Слова прозвучали в воздухе и… не вернулись. Не отразились. Не дали эхо. Как будто вагон записал их и оставил у себя.
Это было неприятнее, чем эхо. Эхо хотя бы делает вид, что мир отвечает.
Анна посмотрела в окно снова, и в стекле увидела своё отражение — нормальное, человеческое, с лёгкой усталостью вокруг глаз. Улыбки не было. И всё же ей на секунду показалось, что отражение готовится улыбнуться — мышцы лица в стекле будто заранее знали движение.
Она резко отвела взгляд.
Напротив сидела женщина.
Анна не заметила, когда та появилась. Не услышала шагов, не почувствовала движения воздуха. Просто в какой-то момент пространство напротив перестало быть пустым.
Женщина выглядела усталой — не старой, не больной, а именно уставшей, как люди, которые слишком долго едут и слишком мало понимают, зачем. На руках у неё была сумка, аккуратно поставленная на колени, будто её держали не потому что надо, а потому что так проще помнить, что ты всё ещё пассажир.
Анна улыбнулась ей — мягко, автоматически, тем самым “вежливым” способом, который обычно выручает в чужих местах.
Женщина не ответила.
Она смотрела не в окно и не на Анну. Её взгляд был направлен куда-то в сторону, будто внутрь вагона, но не совпадал с геометрией пространства.

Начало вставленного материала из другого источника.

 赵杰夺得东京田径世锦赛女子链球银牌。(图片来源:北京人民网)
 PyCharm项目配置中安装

Словно она видела не сиденья и поручни, а схему, наложенную поверх.
Анне стало неловко, но она тут же подавила это чувство. Не все обязаны реагировать. Это было частью её внутреннего правила: не требовать отклика.
— Вы далеко едете? — спросила Анна.
Женщина повернула голову медленно, словно вопрос дошёл до неё не сразу.

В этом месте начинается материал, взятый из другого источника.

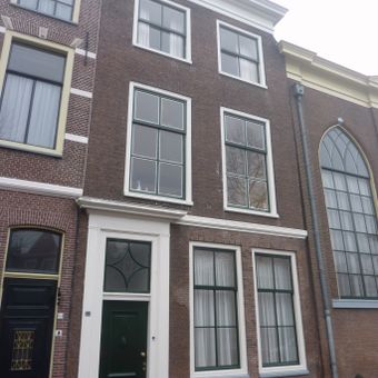 Pand met lijstgevel met speklagen. Onderbouw modern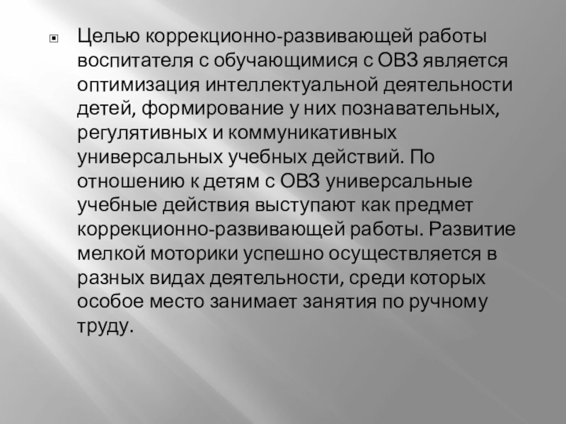 Слайд 8Целью коррекционно-развивающей работы воспитателя с обучающимися с ОВЗ является оптимизация интеллектуальной

— Я уже приехала, — сказала она.
Голос был ровный, без эмоций, без интонаций, которые обычно выдают сарказм или усталость.
Анна нахмурилась.
— Но вы в поезде, — сказала она мягко. Почти осторожно, как говорят с человеком, который может быть на грани.
Женщина моргнула.
— А вы? — спросила она.
Вопрос прозвучал спокойно, но в нём было что-то проверяющее: не интерес к ответу, а измерение реакции.
Анна открыла рот, чтобы сказать “конечно”, и вдруг поняла, что не может вспомнить, на какой станции села. Это не было провалом памяти — скорее, отсутствием необходимости помнить. И всё же сейчас эта пустота неприятно царапнула, как если бы ты сунул руку в карман и обнаружил там не ключи, а дырку.

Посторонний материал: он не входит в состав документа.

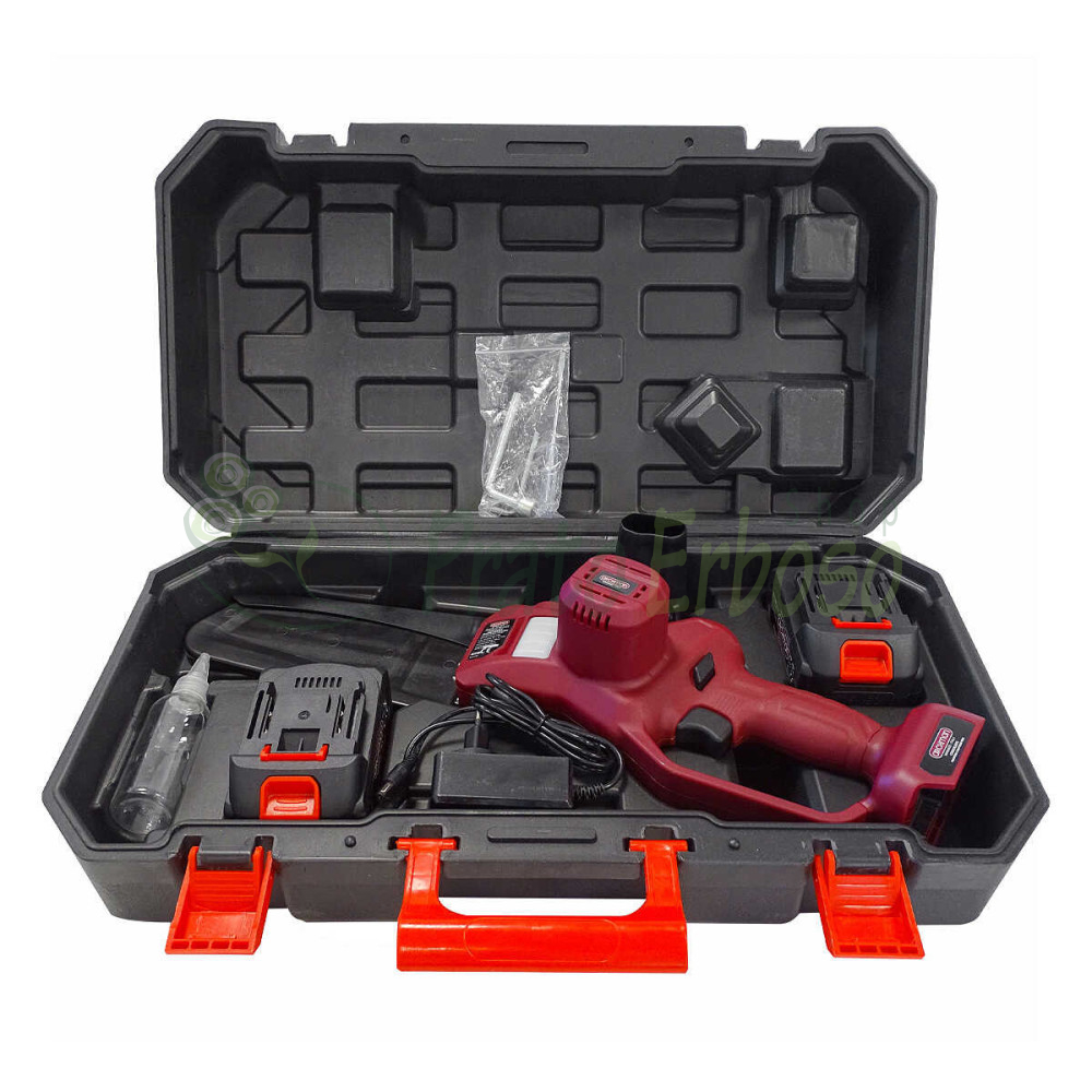 Se suministra con 2 baterías de 21 voltios, con una duración de 2 horas cada una, y cargador de batería.

— Я… — начала она и замолчала.
Женщина отвернулась, будто разговор был завершён.
Анна почувствовала странное желание встать. Не потому что стало тревожно — просто потому, что ей захотелось убедиться, что пространство вокруг действительно движется. Что она не застряла в неподвижности, замаскированной под путь.
Она поднялась и пошла дальше по вагону.
Проход был идеально чистым. Поручни блестели так, как блестят вещи в магазине — не от трения рук, а от отсутствия этих рук. Анна шла и ловила себя на том, что шаги звучат слишком ровно. Даже каблук — если бы он был чуть стёрт — должен был давать иной звук, чуть грязнее, чуть человечнее.
Но звук был одинаковый. Как будто станция подстраивала его под норму.
Двери между вагонами раскрылись без нажатия. Анна даже не успела коснуться кнопки — створки просто разошлись, когда она подошла. И это было похоже не на сервис, а на распознавание.
Следующий вагон был пуст.
Совсем.
Не “никого нет”, а пусто так, будто пространство ещё не решило, чем ему быть. Сиденья выглядели одинаковыми, слишком одинаковыми, как в демонстрационном зале. Анна поймала себя на том, что старается не касаться поверхностей — не из брезгливости, а из ощущения, что прикосновение будет воспринято как вмешательство. Как команда.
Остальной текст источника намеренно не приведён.